From the data below, retype exactly the lines starting with the one that contains "キャセイは午前と午後に777" and ending with the one that contains "高耐久なラインテープ 黒は歩行による摩擦に強く、貼り替えの手間を軽減します。", both included.

# Data supplied
—————

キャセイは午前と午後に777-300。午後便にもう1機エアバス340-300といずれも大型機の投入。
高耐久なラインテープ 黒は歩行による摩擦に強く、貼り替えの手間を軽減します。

—————

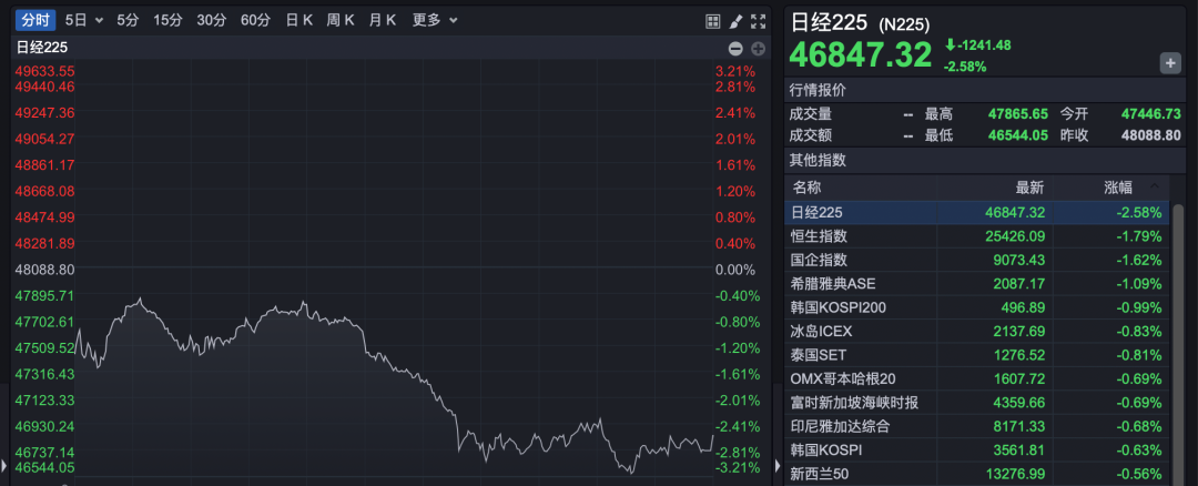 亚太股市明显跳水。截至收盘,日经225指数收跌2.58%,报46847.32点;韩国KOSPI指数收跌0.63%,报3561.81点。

—————

# Written answer
キャセイは午前と午後に777-300。午後便にもう1機エアバス340-300といずれも大型機の投入。
高耐久なラインテープ 黒は歩行による摩擦に強く、貼り替えの手間を軽減します。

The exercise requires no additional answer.